L’été de mes treize ans je suis tombée amoureuse pour la première fois de ma vie. Si aujourd’hui je ressens le besoin d’en parler c’est pour que quelque part subsiste une trace de cette histoire ailleurs que dans ma tête. C’était aussi la première fois que j’allais aux États-Unis, chez des amis de mes parents à Los Angeles, Californie. Un monde à part où il est très facile de rencontrer quelqu’un dans le « business », à savoir Hollywood. C’est impressionnant quand on est adolescente, ce monde-là où tout est grand, les rues, les gens, les hamburgers, les seins refaits, les chevelures faussement blondes platine, les tatouages sur les bras musclés des hommes à Venice Beach, ce monde où on vous sert du « sweetie » et du « honey » à toutes les sauces, où les Hollywood chewing gums n’existent pas, véritable choc pour moi à l’époque, déjà le marketing se foutait de notre gueule.

Et Michaël qui arrive, du haut de ses douze ans (j’ai commencé très tôt à aimer les hommes plus jeunes, oui oui), sur son cheval blanc, enfin…le pick up super stylé de son père qui est…acteur. Le père, déjà, à treize ans, je sais qu’il est canon, il suffit de voir la tête de ma mère quand il lui dit bonjour. Difficile de passer à côté de cette vraie beauté « à l’américaine », mâchoire carrée, visage masculin, regard bleu délavé, mec à la fois timide et vraiment sûr de lui, ça ne fait aucun doute. Michaël c’est simple : c’est son père mais en version mini. Ils se ressemblent trait pour trait. D’ailleurs, ironie, Michaël est en fait Michaël Junior…

Michael a cet air super cool, on est dans les années 90 alors évidemment il porte une chemise de bûcheron avec un baggy et les fameuses Naï-kee (Nike) aux pieds. On va passer deux jours ensemble à se baigner dans la piscine, faire des petites courses au drugstore sur Hollywood Boulevard, où je découvre les Reese’s au beurre de cacahuète, j’en ai tellement ingurgité depuis que je suis devenue allergique à ces machins, on communique parce qu’heureusement je parle déjà bien anglais, c’est facile même si j’ai peur de dire que j’ai envie de passer ma vie avec lui. Parce que c’est le cas : j’ai envie de passer le reste de ma vie avec lui. Il est (déjà) tout ce que j’aime chez un homme : il me plaît physiquement, il est drôle, il a une belle voix, un rire formidable, il est attentionné, curieux, flemmard, il a de très jolies mains, il est passionné (par la musique), discret mais sûr de lui. Quand il me prend la main dans la rue j’ai envie de mourir. Quand il me dit que je suis beautiful je fonds. J’ai peur. Parce que dans deux jours il retourne chez sa mère hors de Californie et je ne le reverrai plus jamais. Quand il me demande si j’ai un boyfriend je fais une blague parce que je ne veux pas lui dire que je n’ai jamais embrassé quiconque à part ma cousine (parce qu’il faut bien s’entraîner sur quelqu’un…). Quand il essaie de m’embrasser je m’écarte parce que si je lui donne ma bouche je lui donne tout le reste je le sais je le sens. Deux jours merveilleux, purs et innocents et pas un seul baiser à cause de (déjà) ma timidité (et connerie) légendaire(s). Un regret qui me poursuit encore…(parce qu’il valait mieux perdre ma virginité à treize ans avec quelqu’un que j’aimais plutôt qu’avec un random guy plus âgé et nul de surcroît à Val Thorens à 16 ans et demi).
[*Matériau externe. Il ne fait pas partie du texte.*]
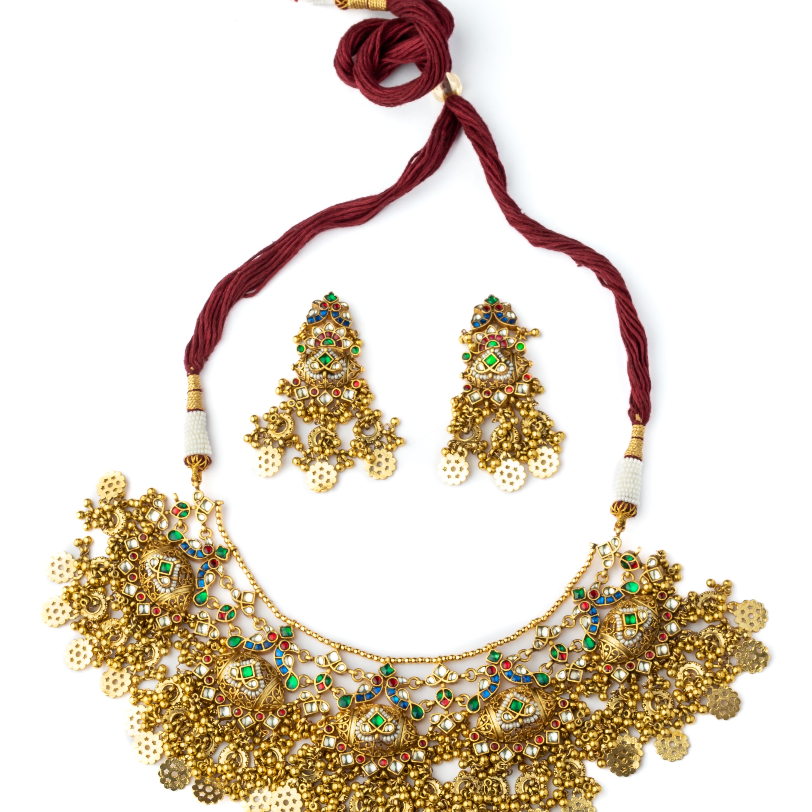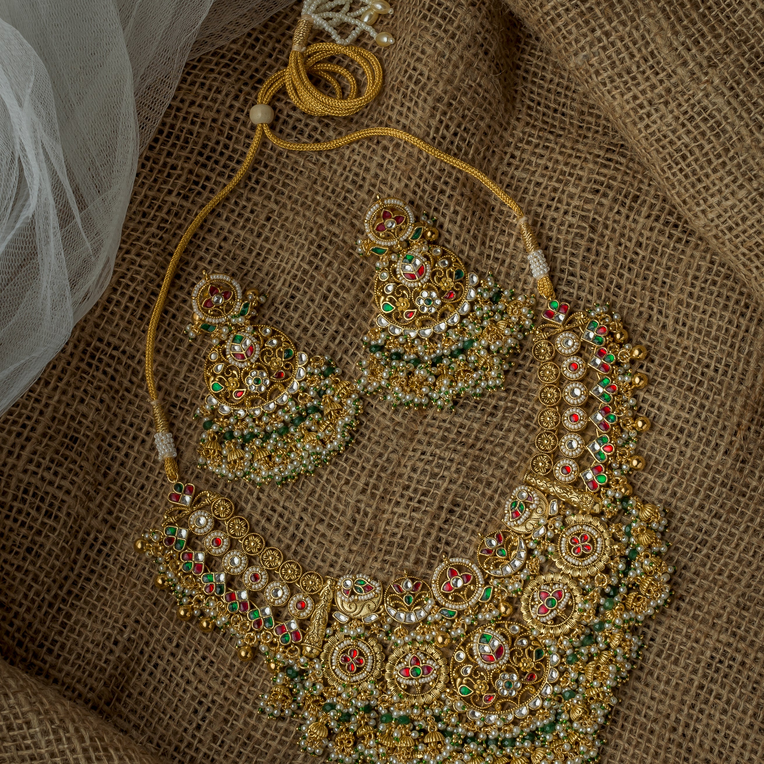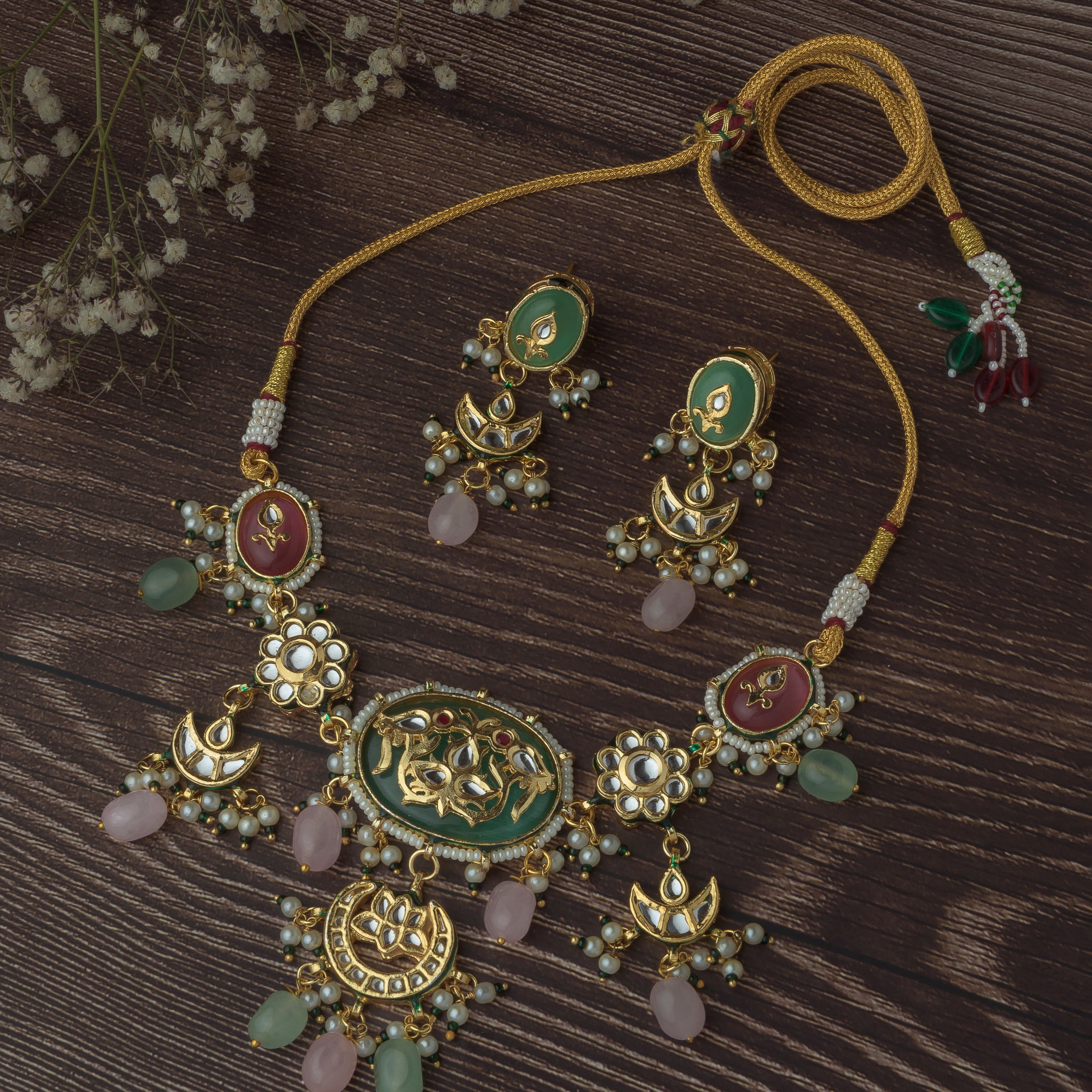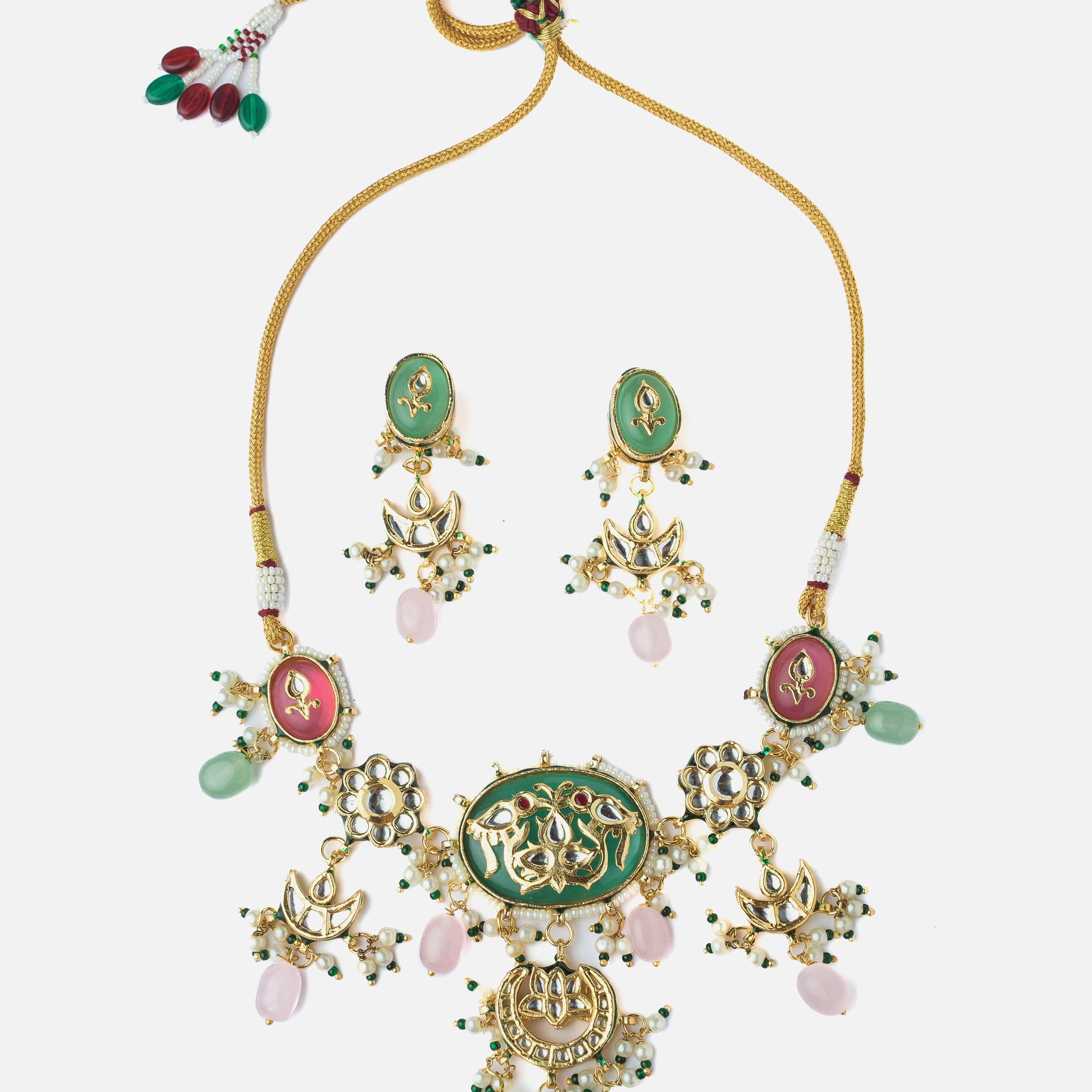 Gold Plated Multicolored Womens Kundan Polki Necklace Set with Pair of Earrings

Deux ans plus tard je retourne chez nos amis de L.A et je rate Michaël à cinq minutes près. Cinq petites minutes. Entre temps nos amis reviennent vivre à Paris. Je ne reverrai jamais Michaël. Il me reste une photo où nous sommes côte à côte sur un canapé, heureux de vivre, heureux de se connaître, les mains très proches l’une de l’autre, comme si elles étaient irrémédiablement attirées l’une vers l’autre. C’est tout. Nous faisons un putain de beau couple qui n’en aura jamais été un…

Douze ans plus tard je rencontre quelqu’un qui s’appelle Arnaud. Je reste deux ans et demi avec lui. Notre relation ne marche pas, je ne le sens pas amoureux de moi, je fais tout ce que je peux pour que ça marche mais c’est un échec cuisant. Je ne comprends pas pourquoi je m’acharne à vouloir rester avec lui…Nous finissons enfin par nous séparer mais il me manque, je regrette son absence, je regrette de ne pas avoir fait plus, je me sens coupable, je ne vais pas bien. Puis je consulte une psy et cette psy ne comprend pas non plus pourquoi je veux à tout prix que ça fonctionne avec ce Arnaud qui préfère sa guitare à moi. Et elle me dit « Mais pourquoi vous l’aimez, ce Arnaud ? Il ressemble à quoi ? ». Et là, ma réponse, contre toute attente : « Il ressemble à Michaël ».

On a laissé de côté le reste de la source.